Seqanswers Leaderboard Ad

Collapse

Announcement

Collapse
No announcement yet.
X
 
  • Filter
  • Time
  • Show
Clear All
new posts

  • Bowtie - seaching for less aligned reads

    Hello,

    I'm trying to use BOWTIE to find less aligned sequences to the mouse genome, and even better sequence that has 0 % matching.
    Is it possible via Bowtie?

    More over, I have the following read 'GAGCAAACAGAAAAACCAACCCCGGCTGATCGGAAACAGGCA' which matches 100% to chr12 in mm10 (mouse) genome. For this match (see below the results) I got maximum score.

    I don't understand why if I change 3 bases randomly in the middle, or add 4 random bases at 3'/5' it does not align the read anymore, and don't display score overthought there is still big similarity.

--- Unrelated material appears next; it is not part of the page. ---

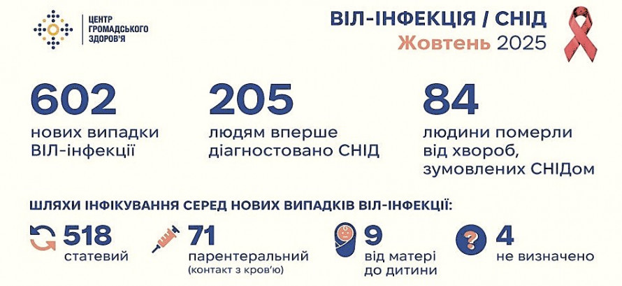 За минулий місяць в Україні офіційно зареєстрували 602 нові випадки ВІЛ-інфекції, а у 205 пацієнтів вперше діагностували СНІД

Don't understand why it misses a short alignments (10-30 bases) in a 100 bases read for example.

    The command I used was:

    CL:"C:\bowtie2\bowtie2-align-s.exe --wrapper basic-0 --local -N 1 -L 2 --gbar 100 --ma 2 --mp 0,0 --score-min L,0,0 -x D:/Augmanity/index/mm10 -f C:/bowtie2/reads/100LengthReads.fa --passthrough"

    Attached the results:
    Mouse-exact_seq 0 chr12 56691388 44 42M * 0 0 GAGCAAACAGAAAAACCAACCCCGGCTGATCGGAAACAGGCA IIIIIIIIIIIIIIIIIIIIIIIIIIIIIIIIIIIIIIIIII AS:i:84 XN:i:0 XM:i:0 XO:i:0 XG:i:0 NM:i:0 MD:Z:42 YT:Z:UU
    Mouse-3_add_bases 4 * 0 0 * * 0 0 GAGCAAACAGAAAAACCAACCCCGGCTGATCGGAAACAGGCATTT IIIIIIIIIIIIIIIIIIIIIIIIIIIIIIIIIIIIIIIIIIIII YT:Z:UU
    Mouse-4-mismatches 4 * 0 0 * * 0 0 GAGCAAACAGAAAAACCAAAAAAGGCTGATCGGAAACAGGCA IIIIIIIIIIIIIIIIIIIIIIIIIIIIIIIIIIIIIIIIII YT:Z:UU


    I will appreciate any help. Thank you.
    Anastasia
    Last edited by Nastya; 08-30-2015, 11:47 PM.

  • #2
    If you need a tool to separate sequences that are NOT aligning to the mouse genome then look at BBSplit.sh as an option: http://seqanswers.com/forums/showthread.php?t=41288

    Comment


    • #3
      bbMap - Getting started

      Hi,
      Thank you!

      I'm quite new with these programs, so have many basic questions
      If I understood correctly, the reads that won't aligned to the mouse genome should be found in clean.fq file.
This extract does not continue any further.